2024-04-17 14:58:56 UTC

Isn't equating active parameters with cost a little unfair since you still need full memory for all the inactive parameters?

tartrate

0 replies

3h23m

2024-04-17 15:02:54 UTC

Well, since it affects inference speed it means you can handle more in less time, needing less concurrency.

sa-code

0 replies

41m

2024-04-17 17:45:31 UTC

Fewer parameters at inference time makes a massive difference in cost for batch jobs, assuming vram usage is the same

kristianp

1 replies

2h41m

2024-04-17 15:45:10 UTC

So this one is 3x the size but only 7% better on MMLU? Given Moores law is mostly dead, this trend is going to make for even more extremely expensive compute for next gen AI models.

GaggiX

0 replies

2h23m

2024-04-17 16:03:22 UTC

That's 25% fewer errors.

iFire

1 replies

3h9m

2024-04-17 15:17:04 UTC

It wasn't clear but how much hardware does it take to run Mixtral 8x22B (mistral.ai) next to me locally?

ru552

0 replies

2h59m

2024-04-17 15:27:31 UTC

a macbook with 64g of ram

elorant

1 replies

1h4m

2024-04-17 17:22:11 UTC

Seems that Perplexity Labs already offers a free demo of it.

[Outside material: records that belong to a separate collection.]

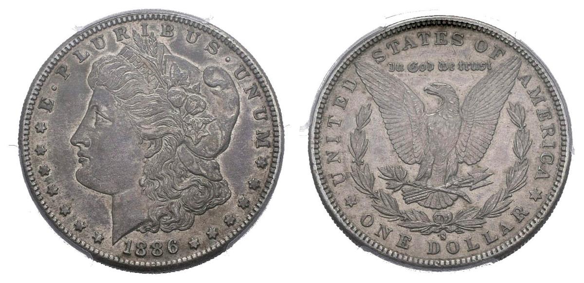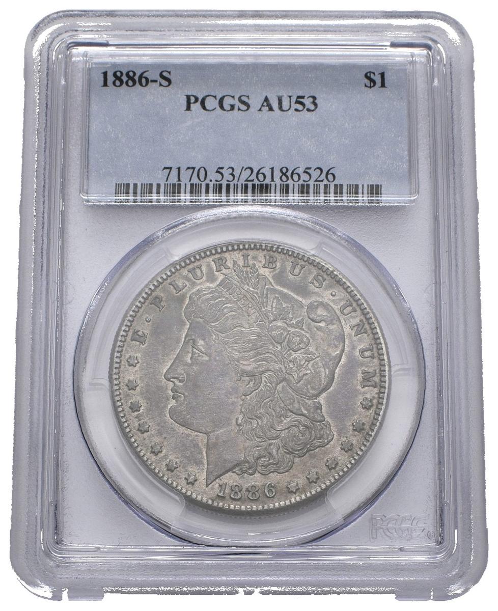 USA. 1 USD (Ar. 26.73g / 38mm) *. 1886. San Francisco S. (Km # 110). UA 53. Scarce. 750 thousand minted units. Encapsulated by PCGS. * Theoretical weight and measure.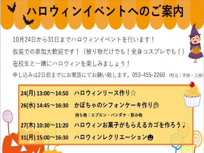 10月24日(月)~10月31日(月)第一学院浜松キャンパスではハロウィンイベントを開催します。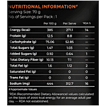 Nutrition_per: 100g Serving_Size: 70g Energy (kcal): 385 kcal Protein (g): 12.5 g Carbohydrate (g): 75.06 g Total Sugars (g): 1.47 g Added Sugars (g): 0.92 g Total Dietary Fiber (g): 10.13 g Total Fat (g): 1.6 g Saturated Fat (g): 0 g Trans Fat (g): 0 g Sodium (mg): 444 mg RDA: Recommended Dietary Allowance values calculated on the basis of 2000 kcal energy for an average adult per day.

https://labs.perplexity.ai/

batperson

0 replies

21m

2024-04-17 18:05:17 UTC

That's the old/regular model. This post is about the new "instruct" model.

yodsanklai

0 replies

35m

2024-04-17 17:51:46 UTC

How does this compare to ChatGPT4?

stainablesteel

0 replies

2h37m

2024-04-17 15:48:57 UTC

is this different than their "large" model

spenceryonce

0 replies

3h14m

2024-04-17 15:11:54 UTC

I can't even begin to describe how excited I am for the future of AI.

jhoechtl

0 replies

2h21m

2024-04-17 16:05:09 UTC

Did anyone have success getting danswer and ollama to work together?

endisneigh

0 replies

3h30m

2024-04-17 14:56:18 UTC

Good to continue to see a permissive license here.

austinsuhr

0 replies

3h1m

2024-04-17 15:24:57 UTC

Is 8x22B gonna make it to Le Chat in the near future?

arnaudsm

0 replies

3h28m

2024-04-17 14:58:22 UTC

Curious to see how it performs against GPT-4.

Mixtral8x22 beats CommandR+, which is at GPT-4-level in LMSYS' leaderboard.

ado__dev

0 replies

2h15m

2024-04-17 16:11:21 UTC

We rolled out Mixtral 8x22b to our LLM Litmus Test at s0.dev for Cody AI. Don't have enough data to say it's better or worse that other LLMs yet, but if you want to try it out for coding purposes, let me know your experience.

Lacerda69

0 replies

3h15m

2024-04-17 15:10:59 UTC

I have been using mixtral daily since it was released for all kinds of writing and coding tasks. Love it and massively invested in mistrals mission.

Keep on doing this great work.

Edit: been using the previous version, seems like this one is even better?

ChicagoDave

0 replies

3h2m

2024-04-17 15:24:31 UTC

We need larger context windows, otherwise we’re running the same path with marginally different results.